When you first buy your lens, u should consider buying a Skylight or UV(0) filter. The main function of the two filters is to protect the lens against debris, dust, water droplets and other foreign matters. Skylight is a (very) little pinkish, and UV(0) is colourless and will reduce a little haze. Always try to buy the best quality filter you can afford, from established brands such as or B+W.


Polarizers (circular and linear)

The Polarizing filter is one of the most useful filters for many photographers. A polarizing filter will eliminate reflections from a non-metallic surface. Let's say you're taking a picture of a lake with Japanese Koi swimming in it. However, you can't really see the fishes because the water is reflecting the sky. So you fit a polarizing filter on your lens and rotate it until the reflections are eliminated, so that you can see the bottom of the lake ! The same principle can be used if you're shooting through glass. As long as the reflection is not by a metallic surface, it can be removed through a polarizer.

Another use for polarizers would be to darken the skies. Polarizers can be used to deepen the blue in the sky. It can be used to bring out dramatic cloud formations, and to give the picture more punch. The elimination of reflection in the picture means colours are more saturated and has more impact. However, the blue skies trick will only work if the sky is already blue. It will not turn an overcast grey sky blue! You need to have blue skies, and the sun should be around 45 degrees to the area of the sky you intend to deepen the blue.
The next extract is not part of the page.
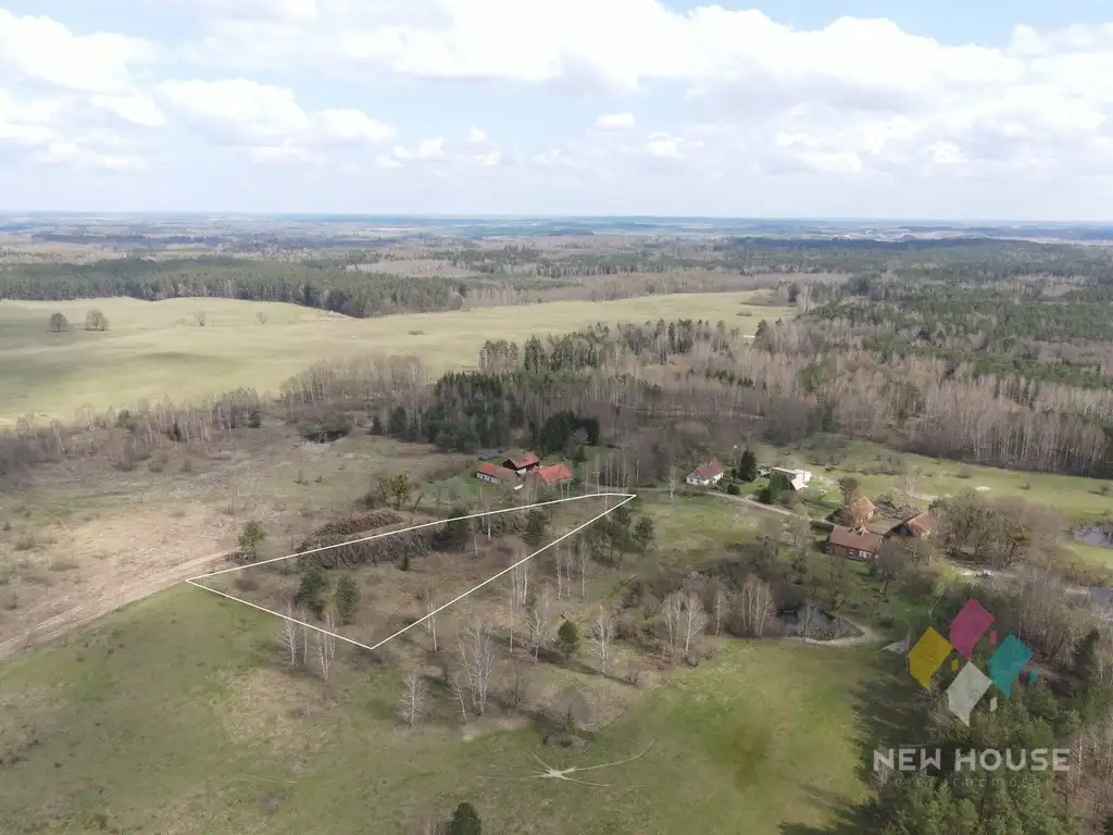 Malownicza działka z wydanymi warunkami zabudowy o powierzchni 6800 m², położona na uboczu warmińskiej wsi, w pobliżu pobliżu ośmiu jezior i niezliczonych kompleksów leśnych.
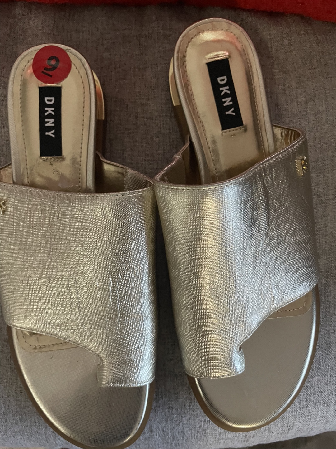 Selling a pair of DKNY gold thong sandals in size 9. They are in good condition and ready for a new home! Perfect for adding a touch of glam to your summer outfits

You lose around 2 stops of light when you use a polarizer. So either use a faster film, or bring along a tripod.

Because of the electronics used in AF cameras, you are recommended by the camera manufacturers to use a circular polarizer, instead of a linear polarizer. Linear polarizers will not damage your camera, but your meter readings might not be correct. So when you buy a polarizer, always tell the sales-person you have a AF camera if you have one, so that he will not give you a linear polarizer by mistake.


Sunset and graduated filters

When the sky is much brighter than the ground, the contrast in the scene may be too high for your film to register. You'd end up with a picture with correctly exposed ground, but overexposed sky. Or a correctly exposed sky but underexposed ground. This is especially true if you use slide films.

So what should you do ? The answer is to lower the contrast of the scene so that both areas can fit into the latitude of the film. Graduated filters are filters with which are half-coloured, and half-clear. The coloured portion serves to darken the bright areas of the scene, to bring it in line with the darker areas. Graduated comes in a wide variety of colours, from orange to blue, to mauve and even tobacco colour. Lee filters and Cokin produce an entire range of graduated filters in every conceiveable colour. Do check out the whole collection!


Close-up filters

Want to do some close-up shots without paying for a macro-lens? Close-up filters act like magnifying glass, magnifying the size of the image so that it appears bigger on the negative. They come in many degrees/strengths, indicated by the diopters. The higher the magnification, the higher the number. Typically, it comes in a series, from +1 to +5. High quality close-up filters consist of 2 or more elements, offering superior optics over the single element type. Close-up filters are a cheap way of getting into close-up photography, and they are worth looking at if you do not need such high-power magnification or do close-ups often. Both Nikon and Canon offer highly-corrected versions of close-up filters as well.